> [ACTIVITY]: Quote the listing below in its entirety, omitting every image.

> [DATASET CONTENT]:
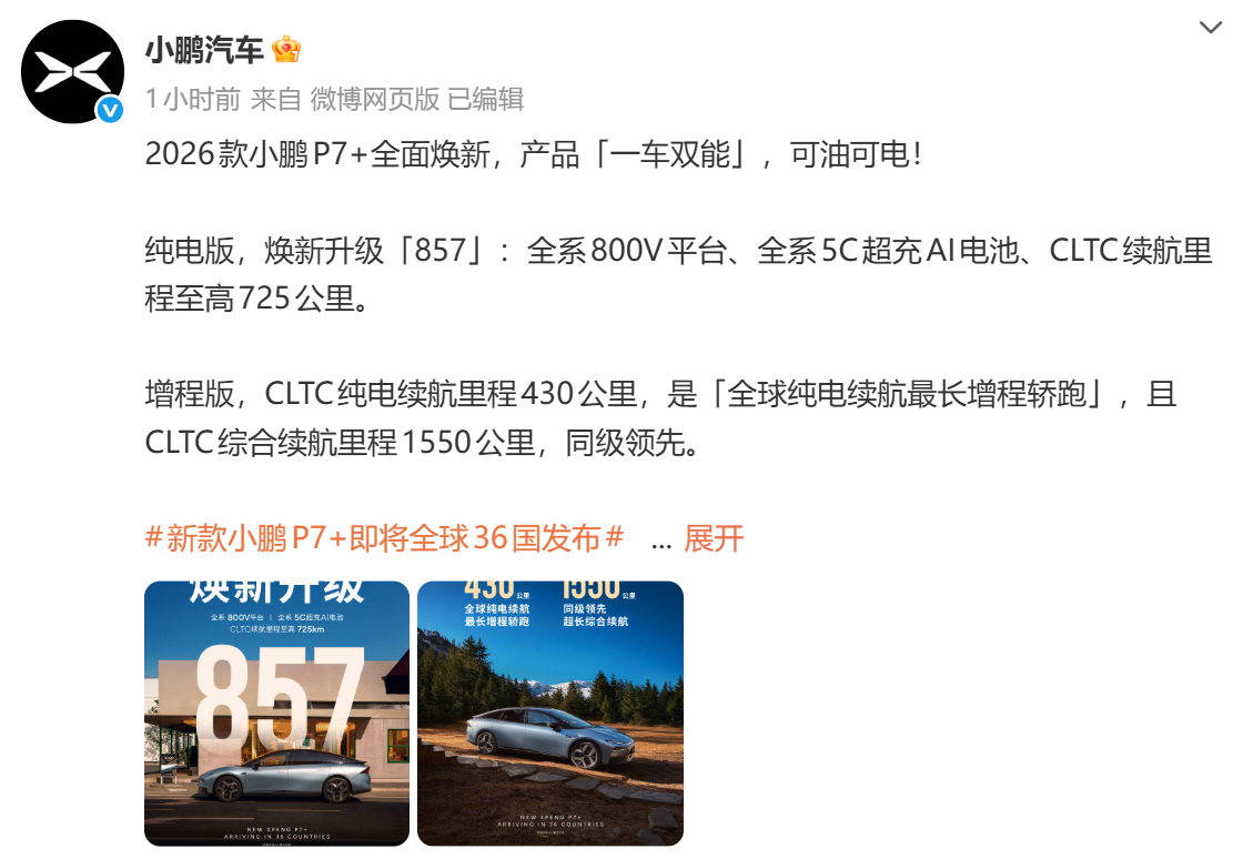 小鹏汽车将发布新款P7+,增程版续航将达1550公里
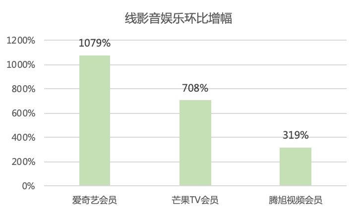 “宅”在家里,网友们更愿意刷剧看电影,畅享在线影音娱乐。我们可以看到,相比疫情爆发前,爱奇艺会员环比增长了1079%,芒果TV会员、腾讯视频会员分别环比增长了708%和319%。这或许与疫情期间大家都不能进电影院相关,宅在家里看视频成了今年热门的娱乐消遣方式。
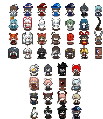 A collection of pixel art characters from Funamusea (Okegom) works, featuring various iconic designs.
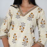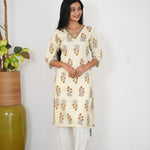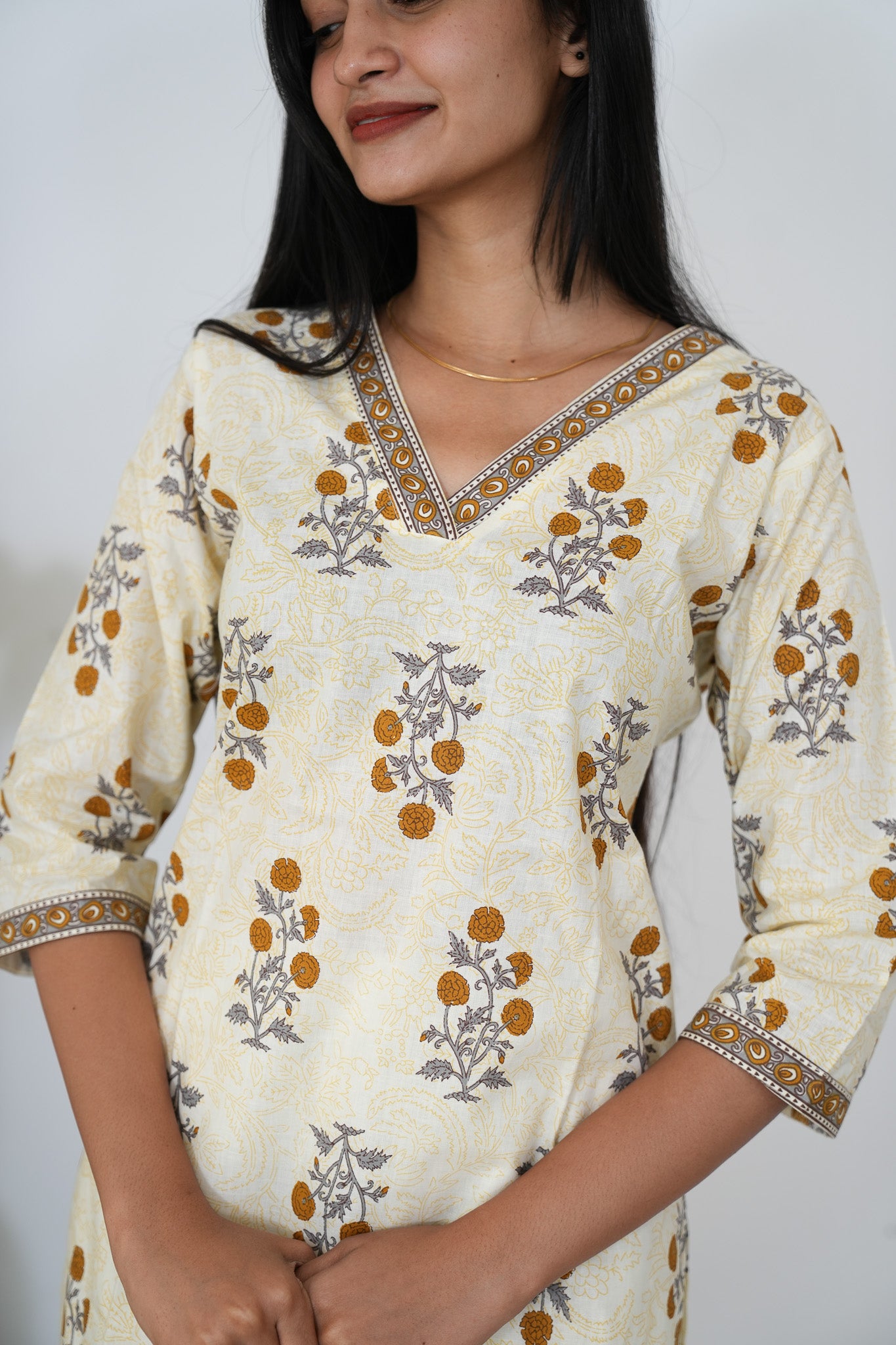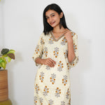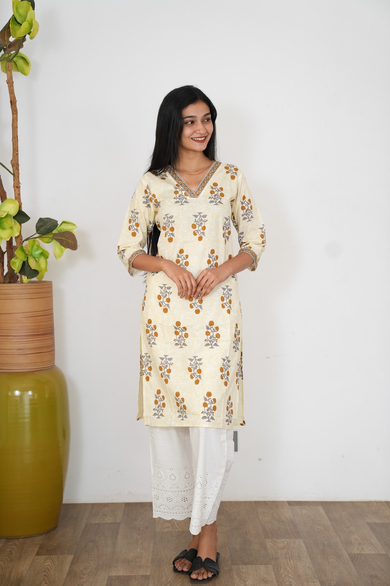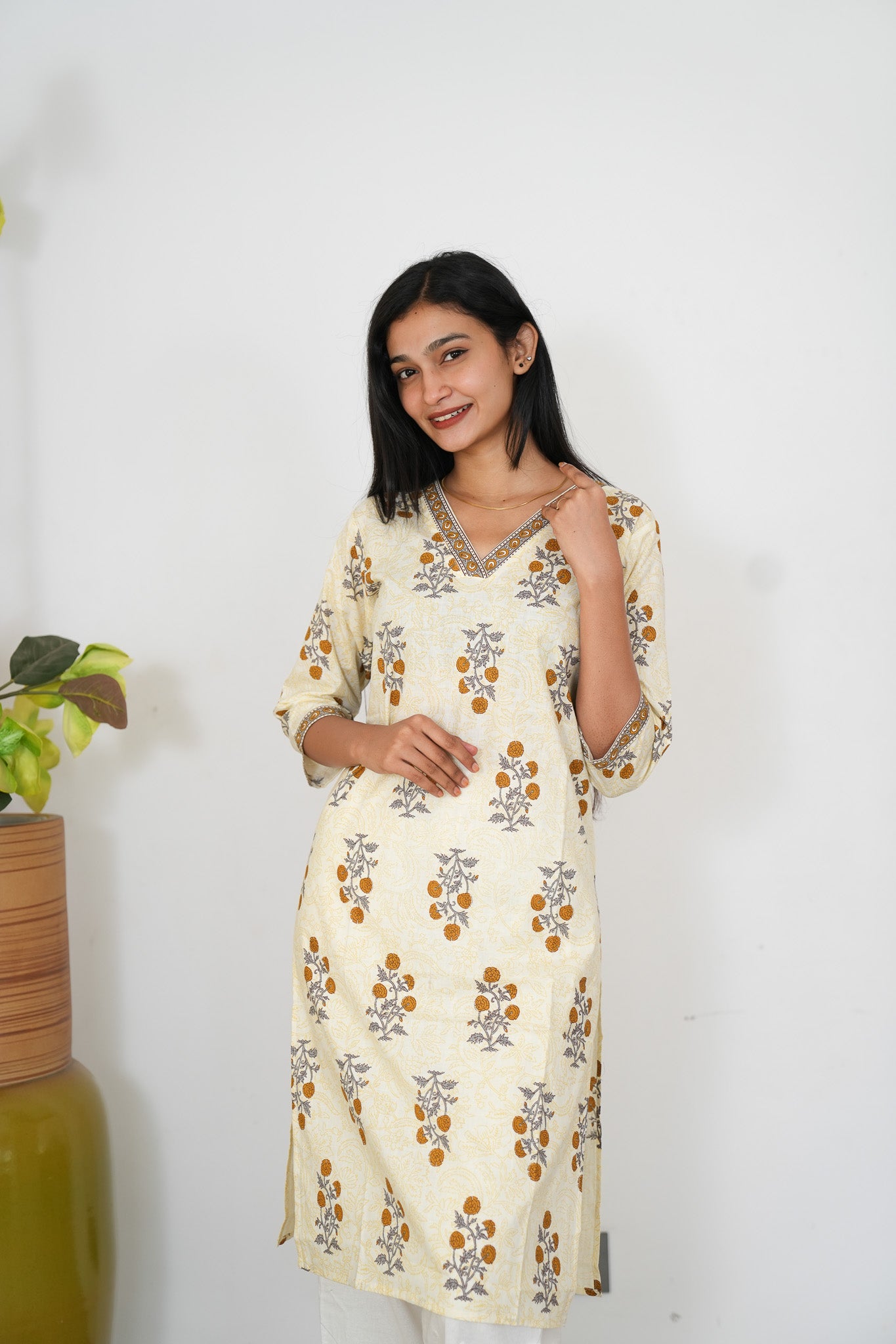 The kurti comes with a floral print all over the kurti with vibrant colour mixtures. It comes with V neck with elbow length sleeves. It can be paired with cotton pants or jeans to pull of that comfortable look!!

> [ANSWER]:
 小鹏汽车将发布新款P7+,增程版续航将达1550公里
 “宅”在家里,网友们更愿意刷剧看电影,畅享在线影音娱乐。我们可以看到,相比疫情爆发前,爱奇艺会员环比增长了1079%,芒果TV会员、腾讯视频会员分别环比增长了708%和319%。这或许与疫情期间大家都不能进电影院相关,宅在家里看视频成了今年热门的娱乐消遣方式。
 A collection of pixel art characters from Funamusea (Okegom) works, featuring various iconic designs.
 The kurti comes with a floral print all over the kurti with vibrant colour mixtures. It comes with V neck with elbow length sleeves. It can be paired with cotton pants or jeans to pull of that comfortable look!!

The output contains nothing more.